Baclofen, β-4-chlorophenyl gamma-aminobutyric acid, is a natural derivative of the neurotransmitter gamma-aminobutyric acid (GABA) [1, 2]. Specifically, it is considered as an active agonist for GABAB receptors [2]. Baclofen acts centrally, thus it has been used to treat skeletal muscle spasms, persistent hiccups, multiple sclerosis and other spinal cord lesion-induced spasticity [1, 3, 4, 5]. Baclofen is absorbed primarily by the gastrointestinal tract and more than 80% is excreted by the kidneys [6]. This explains why people with reduced kidney function are at higher risk of intoxication than those with normal kidney function. The half-life of Baclofen ranges between 4.5–6.8 h. This half-life increases in patients with impaired renal function [7]. Baclofen can cross the Blood-Brain barrier only very slowly for central nervous system penetration but if the half-life is extended this leads to more CNS penetration and its effect in term of CNS depression can be easily pronounced [3, 6].

This case report presents a patient with end-stage renal disease suffering from single-dose induced Baclofen toxicity. She presented with altered mental status and improved dramatically after high-efficiency intensive hemodialysis sessions.

Case presentation

A 47-year-old female patient presented to the dialysis unit with decreased level of consciousness and sleepiness of two days duration. Her past medical history is end stage renal disease and regular hemodialysis 3 times/week for 2.5 years, controlled hypertension. She is non-diabetic. Her past surgical history included arteriovenous fistula before 2.5 years, appendectomy and tonsillectomy long time ago.

The patient was in her usual state of health of moderate exercise tolerance until two days before admission when she started to experience lower back and bilateral knee pain that was vague in nature and associated with insomnia. That time, she received one tablet of baclofen 25 mg from her sister. Her sister used to ingest baclofen for chronic neck pain.

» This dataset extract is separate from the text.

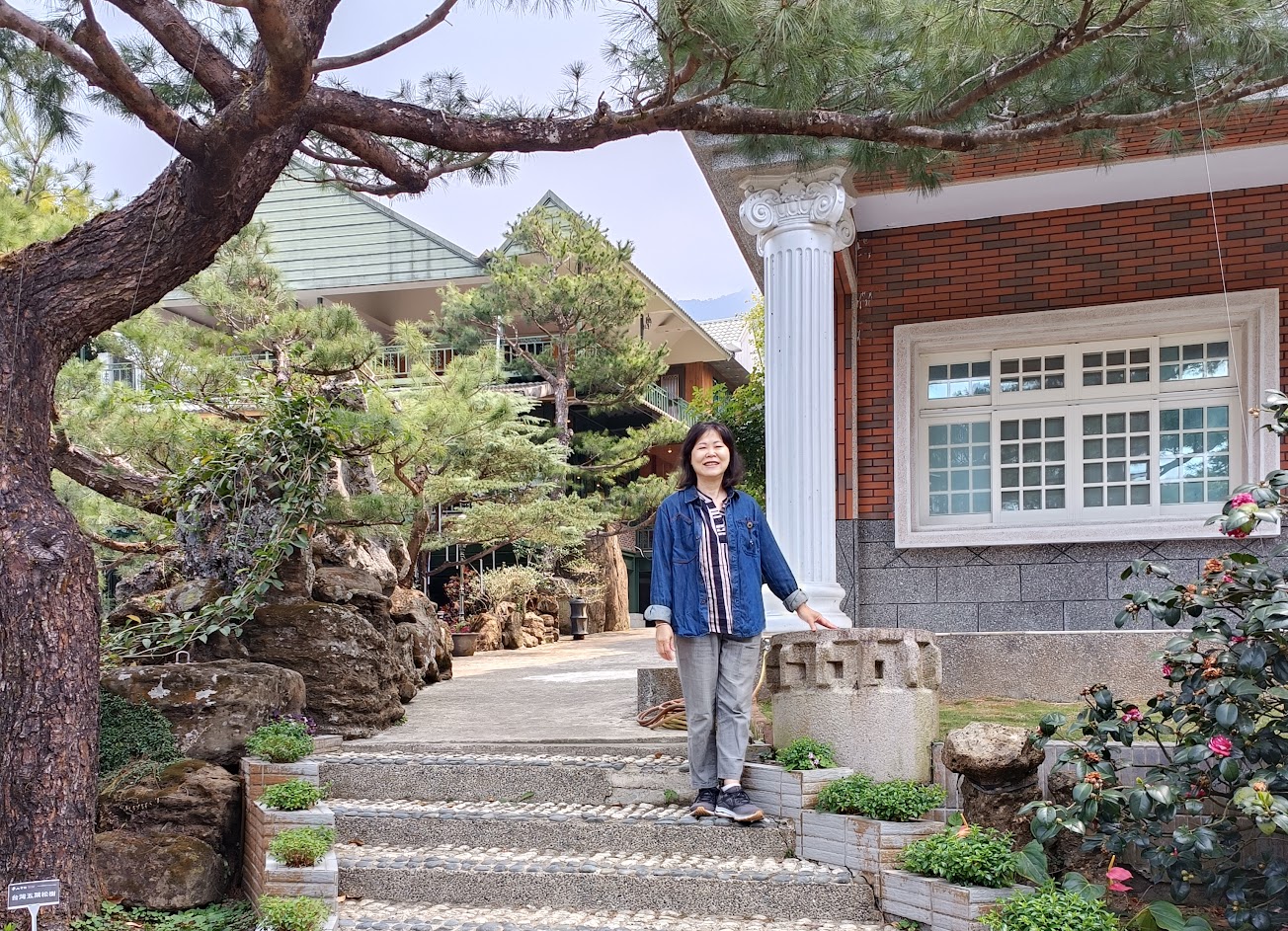 山景、玫瑰花、原木桌椅,相映成趣,值得一遊

The patient fell into a deep sleep throughout that night and entire next day without any wakefulness periods. Two days later, she went to her usual hemodialysis session and there the medical personnel noticed her high blood pressure and a state of unconsciousness for which she was sent back to the emergency department after the hemodialysis session. The family denied any previous similar episodes or limb weakness, numbness, dysarthria, dysphagia or mouth deviation before the event. There is no history of fever, photophobia, neck stiffness, falling down or any psychosocial problems. She had not travelled or had any contact with sick people. She was compliant to her hemodialysis sessions. She is a 20 pack-year smoker but does not use any illegal drugs or consume alcoholic drinks. Her home medications were: Atenolol 50 mg/day, Amlodipine 5 mg/ day, CaCO3 600 mg /day and alfacalcidol 0.25 ugm/day.

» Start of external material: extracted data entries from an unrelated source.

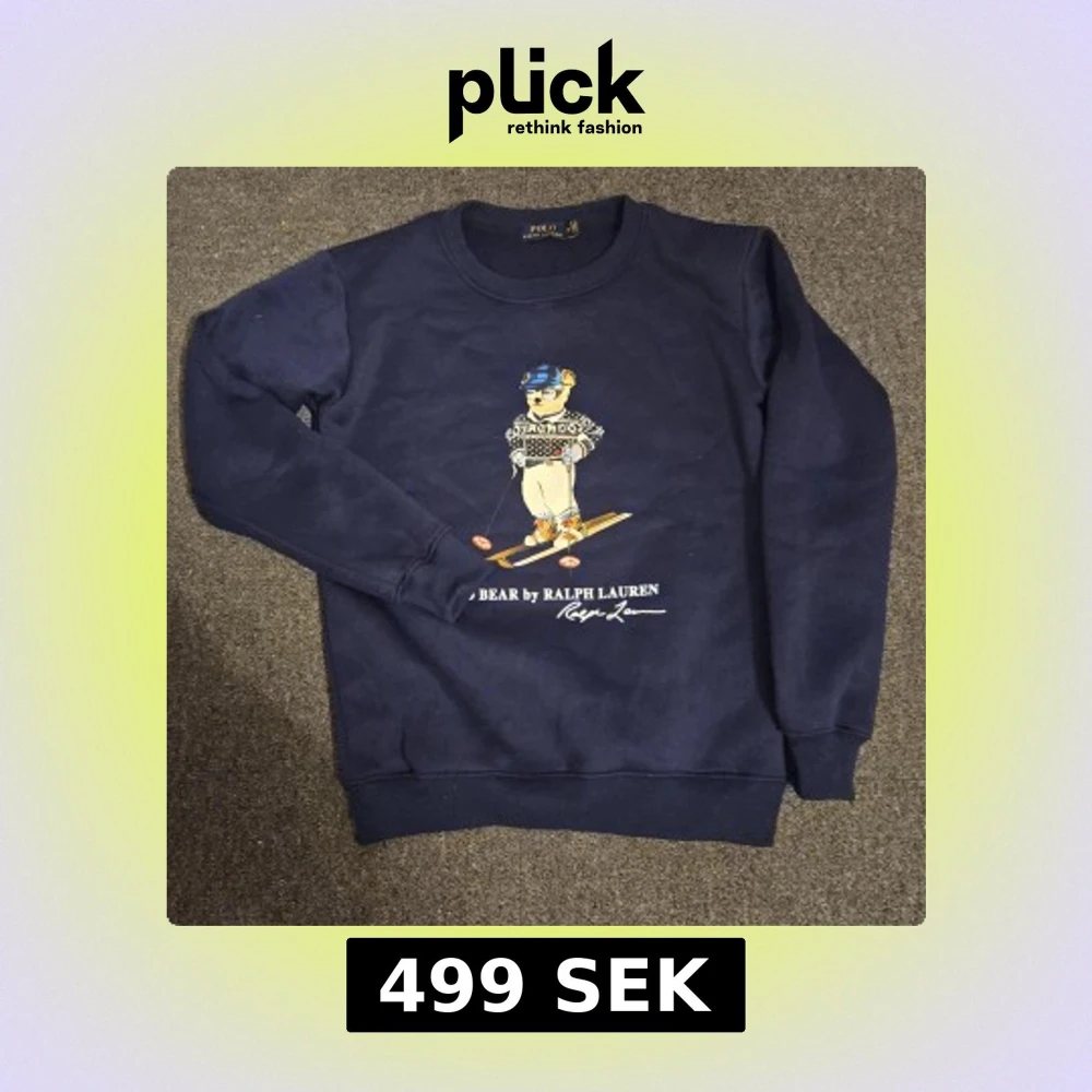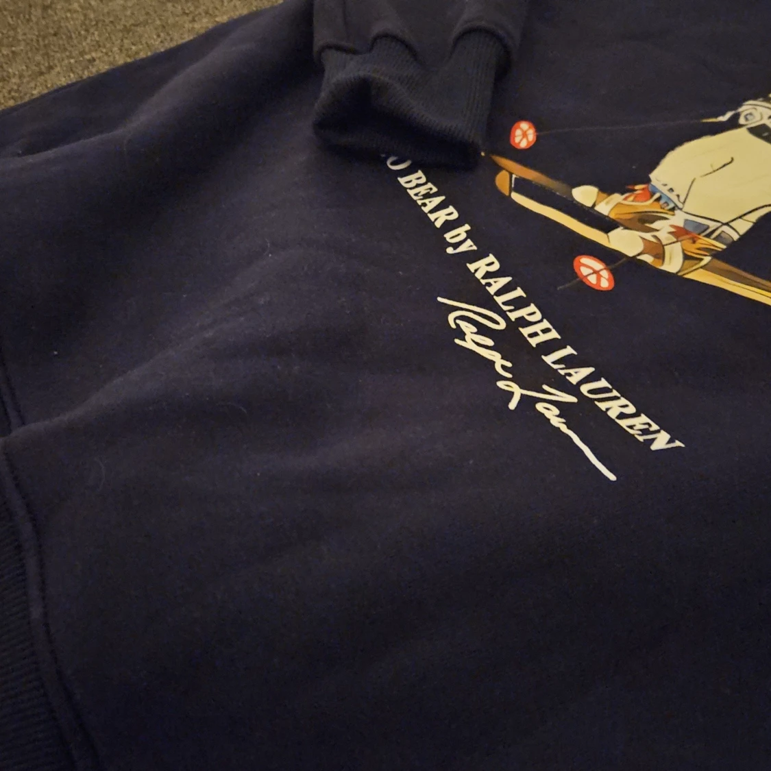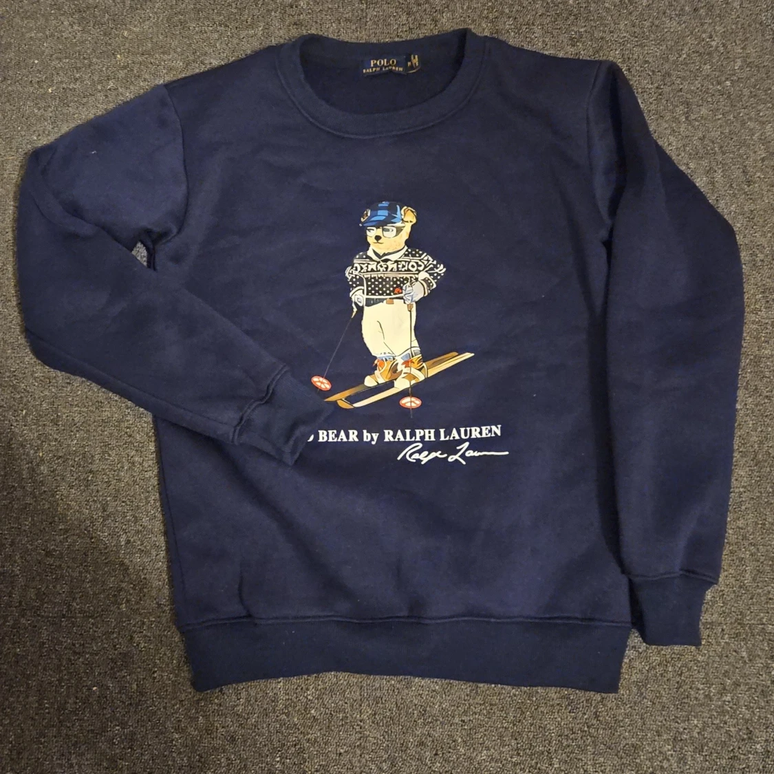 Mörkblå sweatshirt från Polo Ralph Lauren med ikoniska Polo Bear-trycket på bröstet där björnen åker skidor. Tröjan har rund hals, långa ärmar och ribbade muddar. Perfekt för dig som gillar sportiga och snygga plagg med en twist.
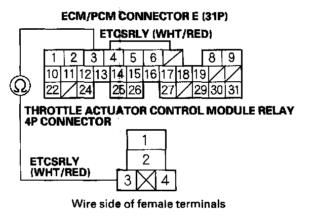 30. Check for continuity between ECM/PCM connector terminal E3 and throttle actuator control module relay 4P connector terminal No.3.
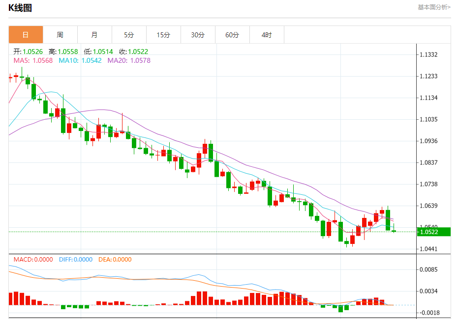 汇价高见1.0558,低见1.0514。上一交易日,汇价收于1.0528。

On examination, the vital signs were as follows: Temperature: 36.4 °C, Blood pressure: 220/110, pulse: 95 beat/minute, respiratory rate: 14/min, oxygen saturation: 95% on room air. On admission, the Glasgow Coma Scale was 9/15. She was unconscious. Deep tendon reflexes were absent. There was no obvious facial asymmetry, left pupil was round and reactive to light (right eye is artificial due to previous trauma). Gag reflex was intact but the cranial nerves could not be assessed. The fundus was examined and no papilledema or hemorrhage were seen. The breathing sounds were heard bilaterally on the chest with no added sounds. Abdominal examination was unremarkable.

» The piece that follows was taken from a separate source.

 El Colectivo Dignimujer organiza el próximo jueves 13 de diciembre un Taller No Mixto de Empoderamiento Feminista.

Lab results at admission were: Hemoglobin: 16.1 g/dL, White blood cells: 6.8 K/ul, platelets: 155 K/ul, Sodium: 138 mEq/L, potassium: 4.4 mEq/L, chloride: 95 mEq/L, CRP: 1.6 mg/L, Glucose: 99 mg/dL, ABG’s: pH:7.44, pCO2: 36.6 mmHg, pO2: 88 mmHg, HCO3: 24.4 mEq/L, albumin: 4.4 g/dL, alkaline phosphatase:88, total bilirubin: 0.5 mg/dL, direct bilirubin: 0.2 mg/dL, BUN: 27 mg/dL, Creatinine: 5.5 mg/dL. Liver function tests were within normal ranges. To rule out any brain ischemia or hemorrhage, brain computed topography (CT scan) was done on the day of admission and Magnetic resonance imaging (MRI) of the brain was done on the second day of admission. CT scan showed no significant lesions, no hemorrhage or any other defects. MRI showed no signs of recent ischemic stroke, intracranial hemorrhage, space-occupying lesion or midline shift. The hypertension was controlled by labetalol IV infusion pump.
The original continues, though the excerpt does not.